TRIBUNAL REGIONAL FEDERAL DA 2ª REGIÃO – 8ª TURMA
APELAÇÃO EM MS nº 2000.02.01.021632-3
APELANTE: INSTITUTO NACIONAL DO SERVIÇO SOCIAL – INSS
APELADO: FRANCISCO BARRETO
RELATOR: DES. FEDERAL VALMIR PEÇANHA
Egrégia Turma
Trata-se de mandado de segurança impetrado contra ato do SUPERINTENDENTE REGIONAL DO INSS, que determinou a suspensão de benefício previdenciário, sob alegação de conversão indevida do tempo de serviço em condições insalubres.
Regularmente notificada, a autoridade impetrada prestou informações, a sustentar que a Autarquia Previdenciária tem o dever-poder de exercer o controle administrativo de seus atos, em respeito ao erário.
A sentença CONCEDEU a segurança.
É o relatório.
Direito líquido e certo
O mandado de segurança não se constitui na via mais adequada à certificação do direito à aposentadoria, na medida em que a liquidez e certeza que o devem qualificar, quando existentes, não resultam do ato administrativo concessório, mas do atendimento de determinados requisitos legais.
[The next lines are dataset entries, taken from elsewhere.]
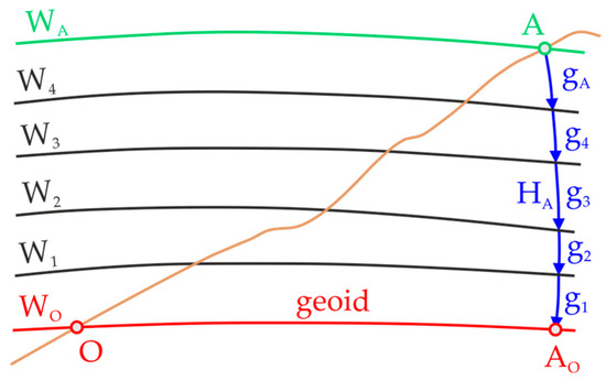where the integral is independent of the integration path, so different leveling lines from to should give the same result. Point is located at sea level (on the geoid) and an arbitrary point on some different level surface is connected to point by geometric leveling in the real gravitational field (Figure 2).
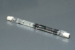 Tubular lamps with electrical contacts at each end are now being used in standalone lamps and household fixtures. These come in various lengths and power ratings (50–300 W). More powerful lamps are used as portable work lights, with bulbs rated 250 or 500 watts.
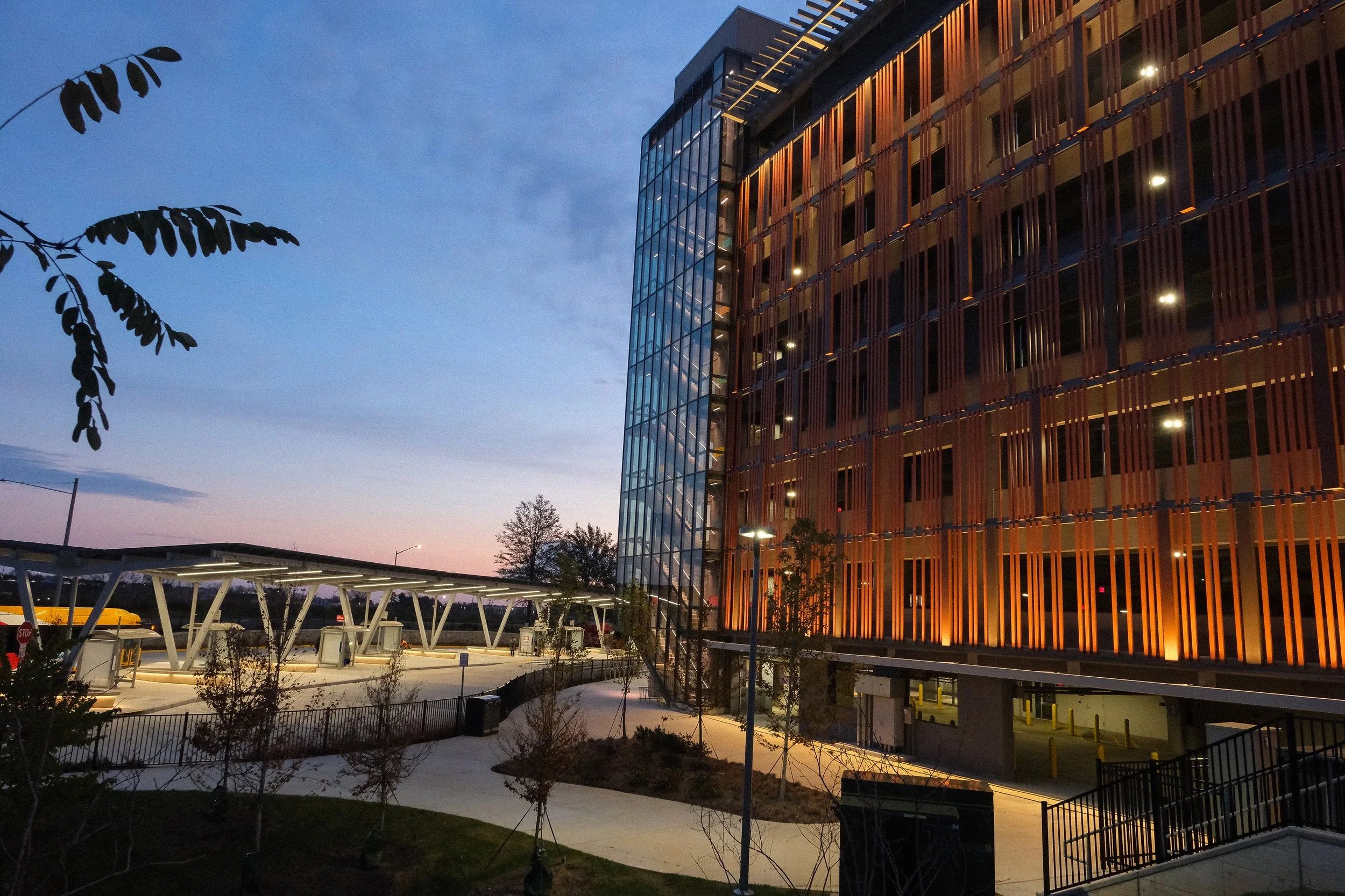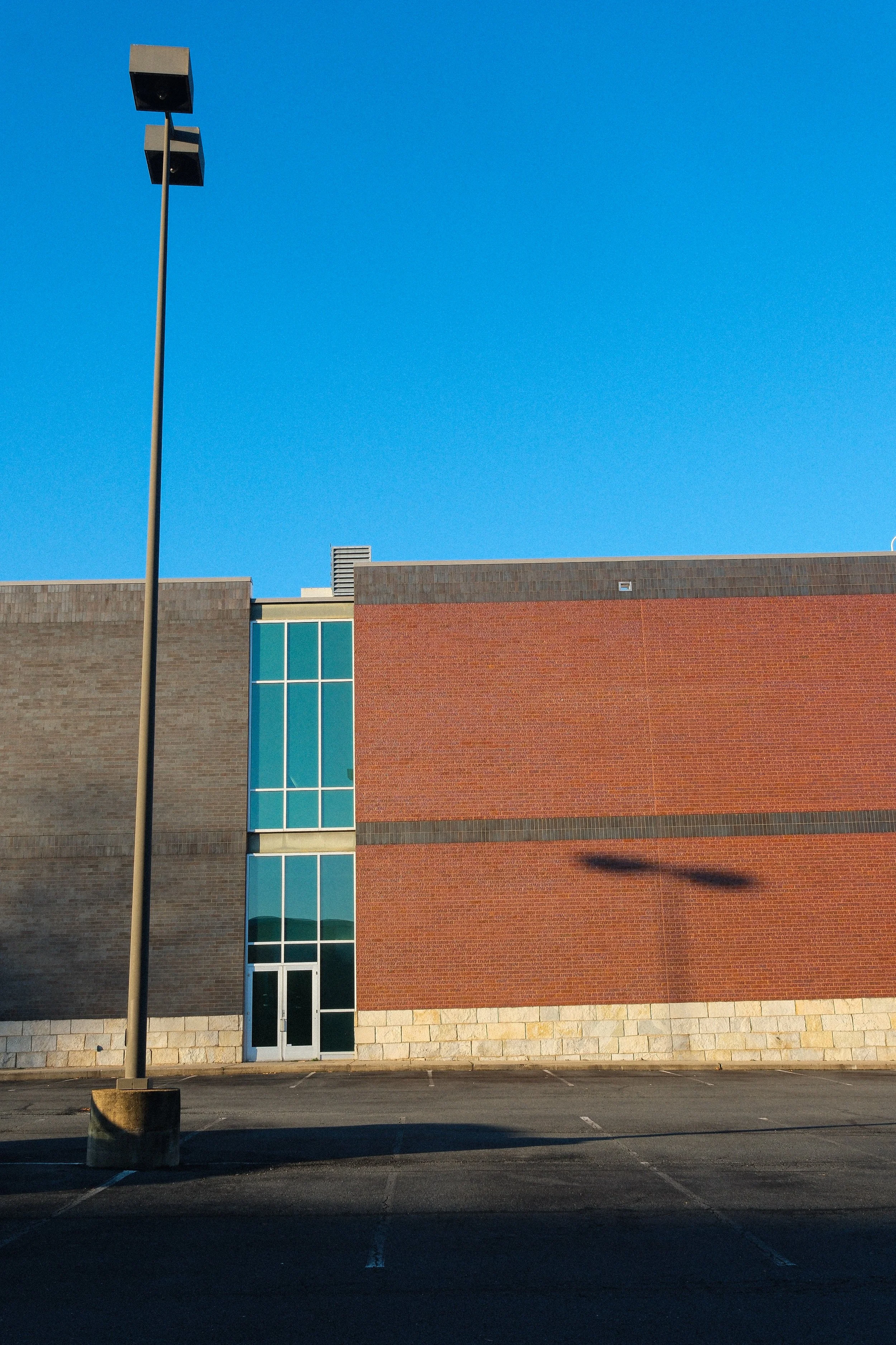 Empty parking lot with a streetlamp and brick building, clear blue sky.
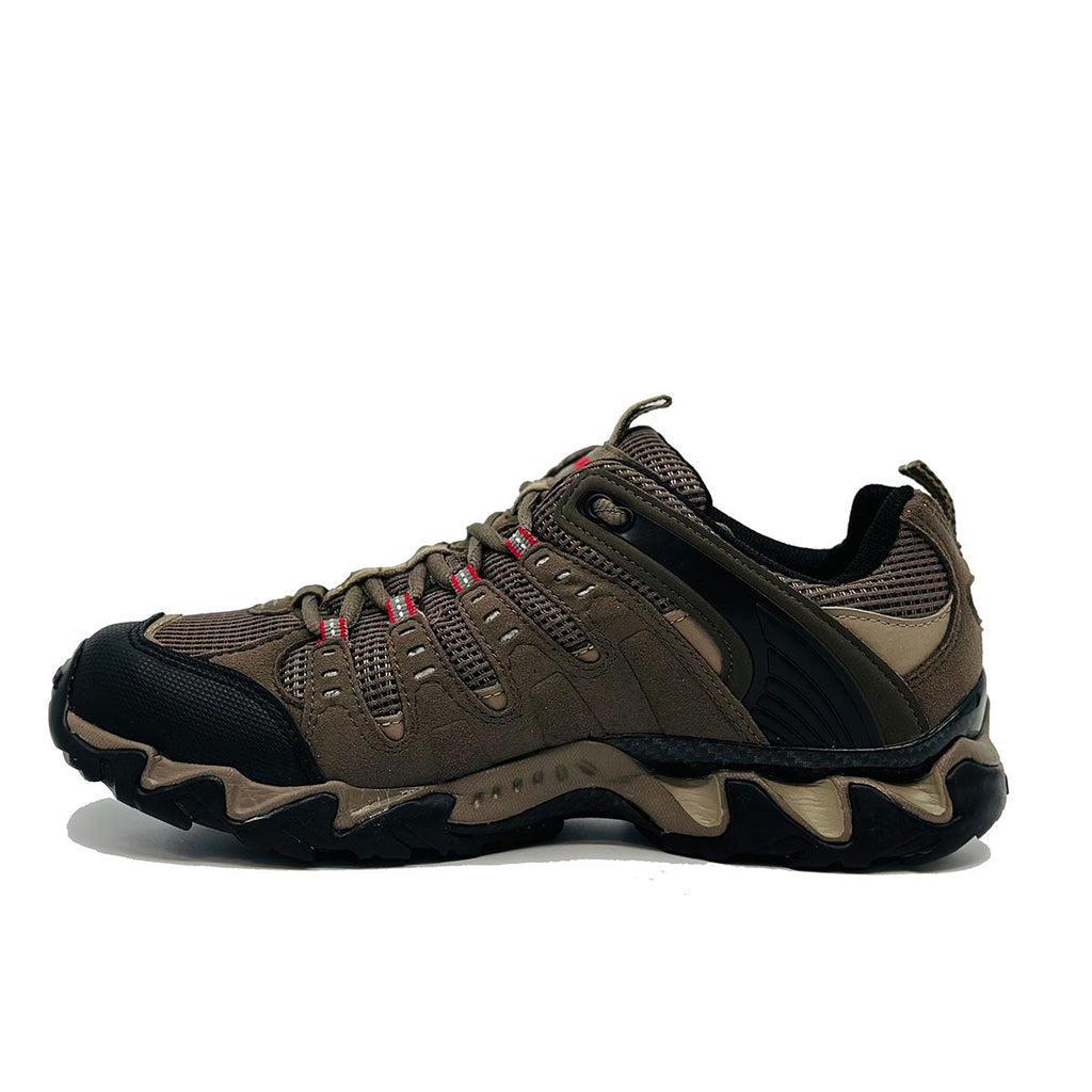 - Velour leathers and mesh uppers for lightweight comfort

O writ somente se prestará a esta finalidade nas hipóteses em que o impetrante tenha meios de comprovar, de plano, o direito a ser garantido.
Admissível, entretanto, o remédio no caso concreto, em que se pleiteia apenas a reativação do pagamento, por afronta ao direito à ampla defesa e ao devido processo legal. A Administração deve suspender atos eivados de vícios, sem que isso justifique abrir mão do regular processo administrativo e do respeito ao princípio do contraditório. É como tem decidido esse Tribunal Regional Federal da 2ª Região:
DIREITO PREVIDENCIARIO – DIREITO PROCESSUAL CIVIL – DIREITO CONSTITUCIONAL – SUSPENSÃO DE BENEFICIO DE SEGURADO DO INSS.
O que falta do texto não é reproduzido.